**What you need to do**.
Below are some entries; reproduce them exactly and leave every picture out.
#### Data provided
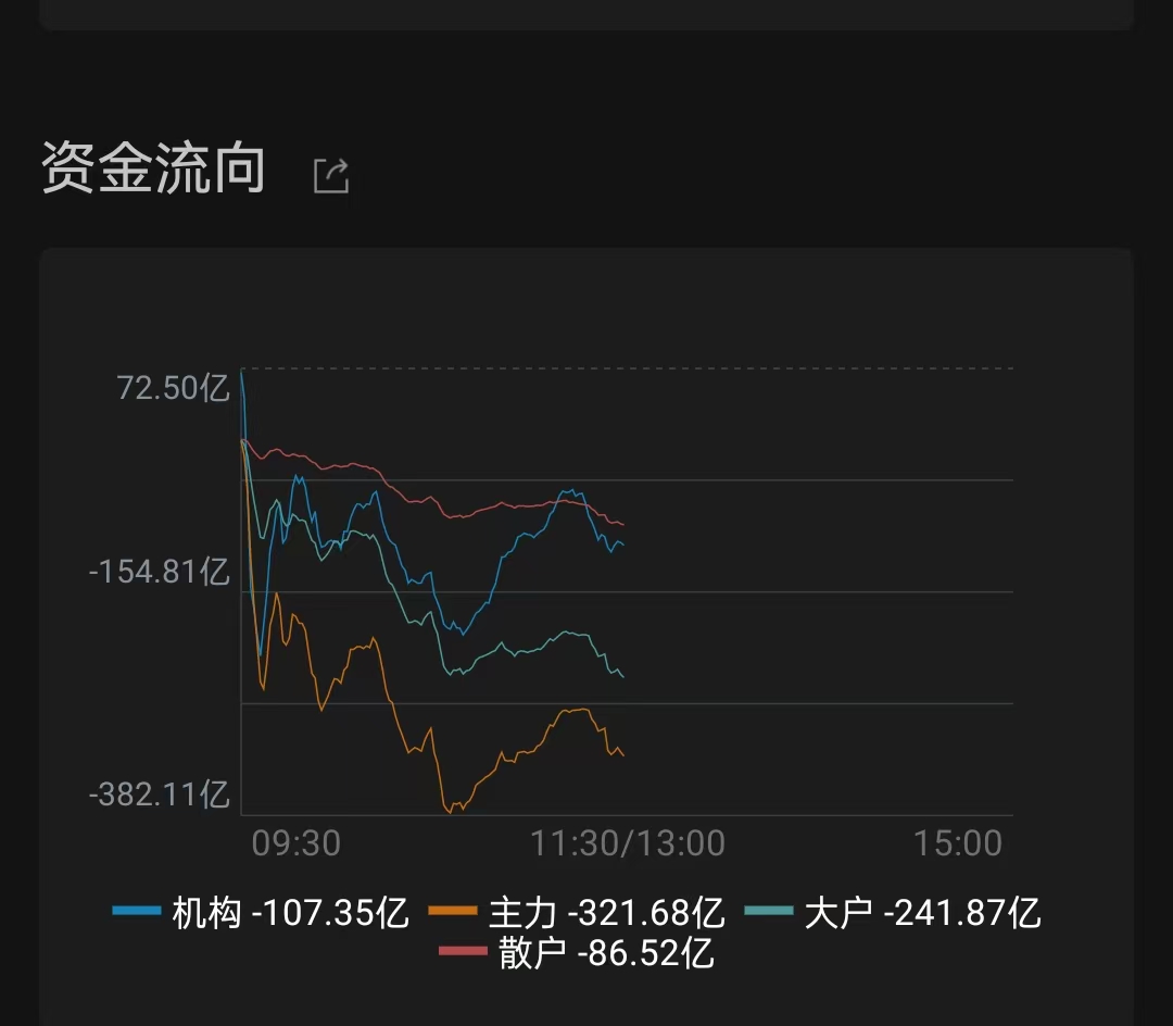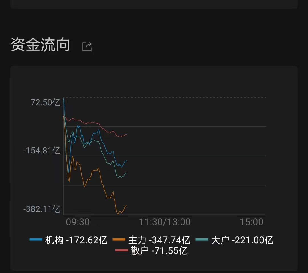 ***对比上午收盘,机构由-172.6亿的流出,到收盘的-98.41亿,而其他资金全天却维持震荡下行的流出达到1356亿(不排除其中有机构部分打散的筹码)。3.7万亿的成交量,抛出的筹码都哪儿去了?
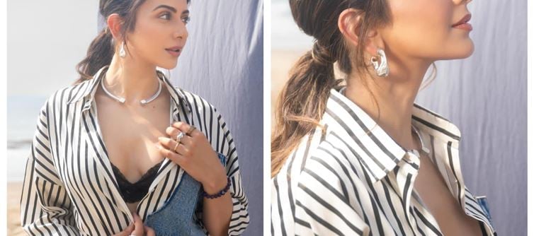 కానీ ప్రస్తుతం మాత్రం రకుల్ తెలుగు సినిమాల్లో నటించడంపై పెద్దగా ఆసక్తి చూపడం లేదు. ఈమె ఎక్కువ శాతం ఈ మధ్య కాలంలో తమిళ్ , హిందీ సినిమాలలో నటిస్తోంది. ఇకపోతే సినిమాల్లో అందాలను అదిరిపోయే రేంజ్ లో అందాలను ఆరబోస్తూ కుర్రకారు ప్రేక్షకులకి కిక్ ఎక్కిస్తున్న ఈ బ్యూటీ సోషల్ మీడియాలో కూడా అందుకు ఏ మాత్రం తగ్గడం లేదు. తాజాగా ఈ బ్యూటీ కి సంబంధించిన కొన్ని వెరీ హాట్ లుక్ లో ఉన్న ఫోటోలు సూపర్ గా వైరల్ అవుతున్నాయి. తాజాగా ఈ బ్యూటీ అదిరిపోయే వెరీ హాట్ లుక్ లో ఉన్న డ్రెస్ ను వేసుకొని తాను వేసుకున్న షర్టు పై బటన్స్ విప్పేసి డిఫరెంట్ డిఫరెంట్ యాంగిల్స్ లో తన హాట్ లో దుస్తులు ప్రదర్శితం అయ్యేలా అలాగే ఎద అందాలు ప్రదర్శితం అయ్యేలా ఫోటోలకు స్టిల్స్ ఇచ్చింది. ఈ ఫోటోలలో రకుల్ వెరీ హాట్ లుక్ లో ఉండడంతో ప్రస్తుతం ఈ బ్యూటీ కి సంబంధించిన ఈ ఫోటోలో వైరల్ అవుతున్నాయి.
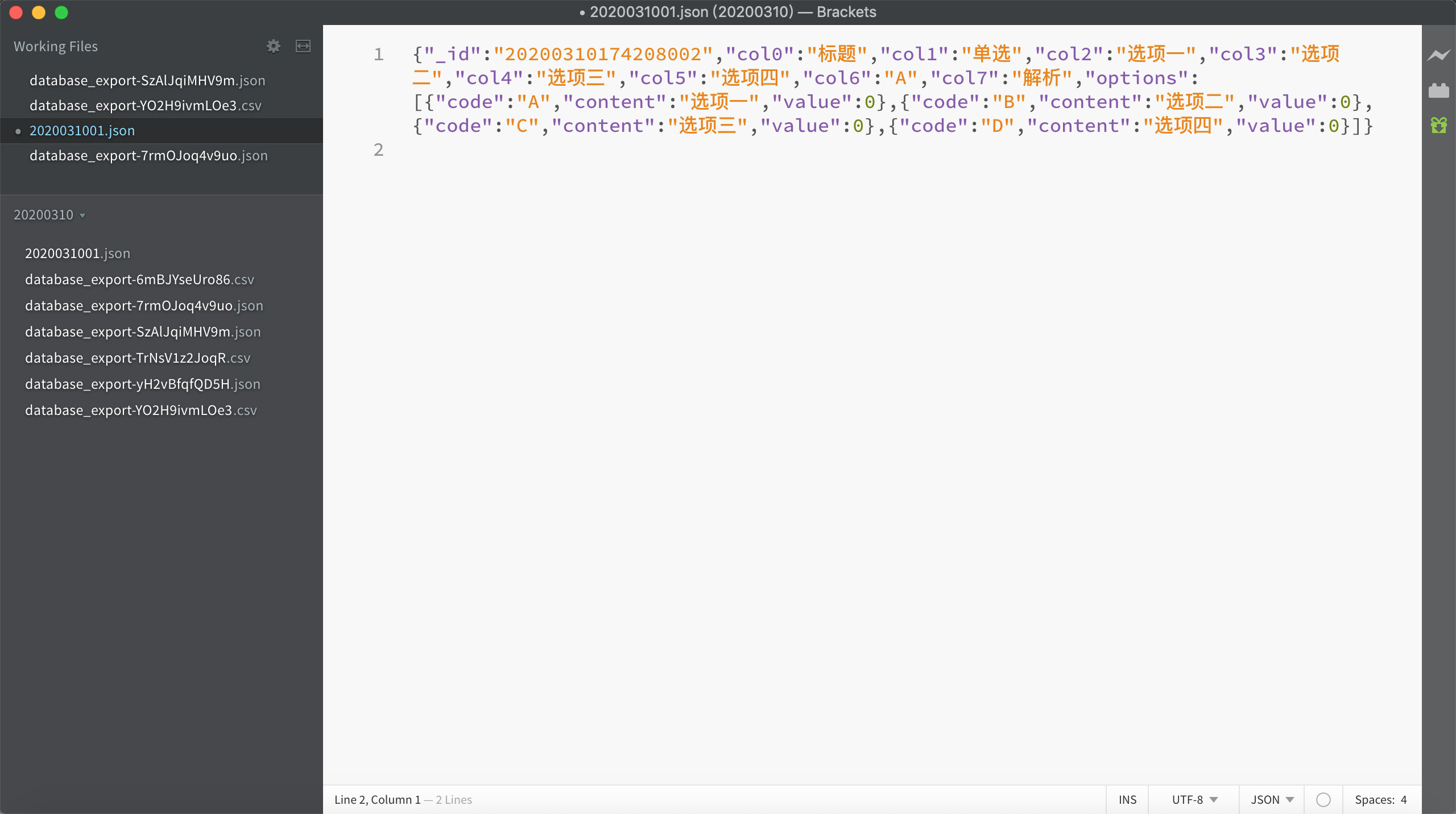 打卡:20200315,能生成云开发数据库可使用的JSON文件,不需要改动,直接可以导入。
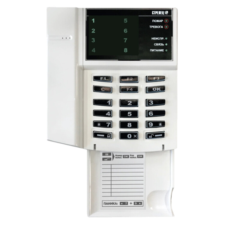 Радиоканальный пульт управления, индикации и контроля сегментом для работы в системе "СТРЕЛЕЦ-ПРО", 8 адресных индикаторов: разделы или группы разделов; 5 статусных индикаторов: "пожар", "тревога", "неисправность", "связь", "питание"; встроенный звук. сигнализатор; дальность радиоканала до 1200 м, f-раб. 868 МГц, элементы питания CR123A 3В (2 шт.), t-раб. -30...+55 °С, IP41, габ.размеры 131x145x30 мм
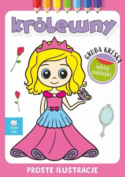 "Gruba kreska - Królewny" to zbiór kolorowanek o minimalistycznej grafice, przeznaczony przede wszystkim dla najmłodszych maluchów. Książka zawiera ilustracje z konturami o dużych rozmiarach, które umożliwiają łatwe kolorowanie, gwarantując przy tym mnóstwo radości. Została ona skonstruowana tak, aby pomóc dzieciom w ćwiczeniu motoryki małej. Dodatkowo, wewnątrz publikacji znajduje się bonusowy prezent - stworzone specjalnie dla nich, naklejki które pomagają w wyborze odpowiednich barw.
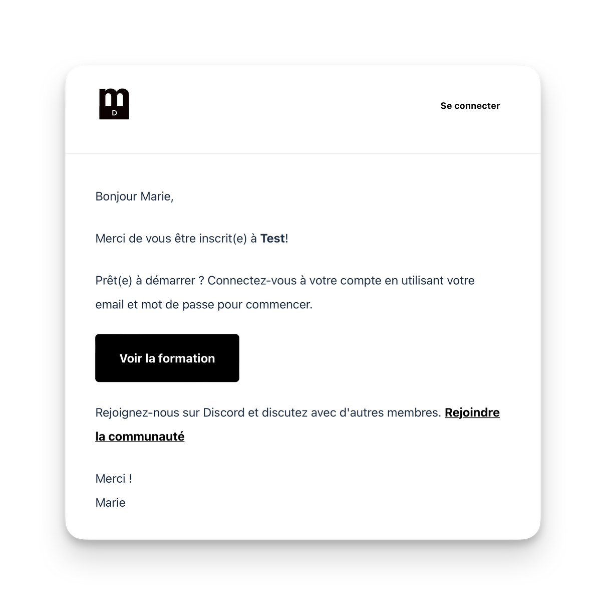 Quand un client rejoint ou achète un produit lié à Discord, il va recevoir un email d’achat. Qui lui confirme le produit acheté, et en dessous du bouton ‘Voir la formation’, il y a un lien vers le serveur Discord.
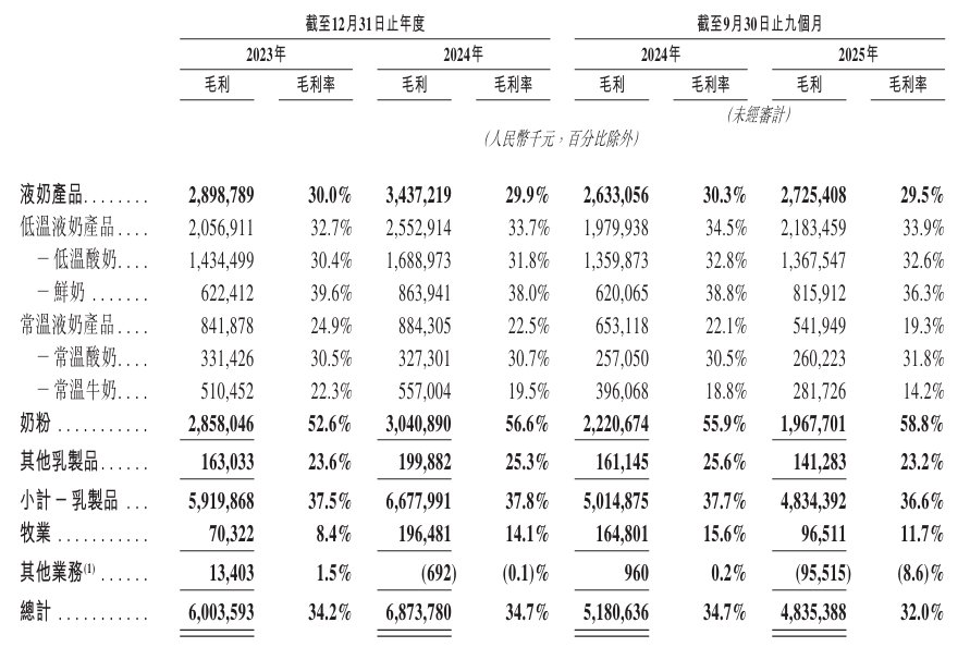 于2023年度、2024年度、2024年截至9月30日止九个月、2025年截至9月30日止九个月,公司录得毛利分别约为60.04亿元、68.74亿元、51.81亿元、48.35亿元,对应毛利率分别为34.2%、34.7%、34.7%、32.0%。
########
**Task solution**.
 ***对比上午收盘,机构由-172.6亿的流出,到收盘的-98.41亿,而其他资金全天却维持震荡下行的流出达到1356亿(不排除其中有机构部分打散的筹码)。3.7万亿的成交量,抛出的筹码都哪儿去了?
 కానీ ప్రస్తుతం మాత్రం రకుల్ తెలుగు సినిమాల్లో నటించడంపై పెద్దగా ఆసక్తి చూపడం లేదు. ఈమె ఎక్కువ శాతం ఈ మధ్య కాలంలో తమిళ్ , హిందీ సినిమాలలో నటిస్తోంది. ఇకపోతే సినిమాల్లో అందాలను అదిరిపోయే రేంజ్ లో అందాలను ఆరబోస్తూ కుర్రకారు ప్రేక్షకులకి కిక్ ఎక్కిస్తున్న ఈ బ్యూటీ సోషల్ మీడియాలో కూడా అందుకు ఏ మాత్రం తగ్గడం లేదు. తాజాగా ఈ బ్యూటీ కి సంబంధించిన కొన్ని వెరీ హాట్ లుక్ లో ఉన్న ఫోటోలు సూపర్ గా వైరల్ అవుతున్నాయి. తాజాగా ఈ బ్యూటీ అదిరిపోయే వెరీ హాట్ లుక్ లో ఉన్న డ్రెస్ ను వేసుకొని తాను వేసుకున్న షర్టు పై బటన్స్ విప్పేసి డిఫరెంట్ డిఫరెంట్ యాంగిల్స్ లో తన హాట్ లో దుస్తులు ప్రదర్శితం అయ్యేలా అలాగే ఎద అందాలు ప్రదర్శితం అయ్యేలా ఫోటోలకు స్టిల్స్ ఇచ్చింది. ఈ ఫోటోలలో రకుల్ వెరీ హాట్ లుక్ లో ఉండడంతో ప్రస్తుతం ఈ బ్యూటీ కి సంబంధించిన ఈ ఫోటోలో వైరల్ అవుతున్నాయి.
 打卡:20200315,能生成云开发数据库可使用的JSON文件,不需要改动,直接可以导入。
 Радиоканальный пульт управления, индикации и контроля сегментом для работы в системе "СТРЕЛЕЦ-ПРО", 8 адресных индикаторов: разделы или группы разделов; 5 статусных индикаторов: "пожар", "тревога", "неисправность", "связь", "питание"; встроенный звук. сигнализатор; дальность радиоканала до 1200 м, f-раб. 868 МГц, элементы питания CR123A 3В (2 шт.), t-раб. -30...+55 °С, IP41, габ.размеры 131x145x30 мм
 "Gruba kreska - Królewny" to zbiór kolorowanek o minimalistycznej grafice, przeznaczony przede wszystkim dla najmłodszych maluchów. Książka zawiera ilustracje z konturami o dużych rozmiarach, które umożliwiają łatwe kolorowanie, gwarantując przy tym mnóstwo radości. Została ona skonstruowana tak, aby pomóc dzieciom w ćwiczeniu motoryki małej. Dodatkowo, wewnątrz publikacji znajduje się bonusowy prezent - stworzone specjalnie dla nich, naklejki które pomagają w wyborze odpowiednich barw.
 Quand un client rejoint ou achète un produit lié à Discord, il va recevoir un email d’achat. Qui lui confirme le produit acheté, et en dessous du bouton ‘Voir la formation’, il y a un lien vers le serveur Discord.
 于2023年度、2024年度、2024年截至9月30日止九个月、2025年截至9月30日止九个月,公司录得毛利分别约为60.04亿元、68.74亿元、51.81亿元、48.35亿元,对应毛利率分别为34.2%、34.7%、34.7%、32.0%。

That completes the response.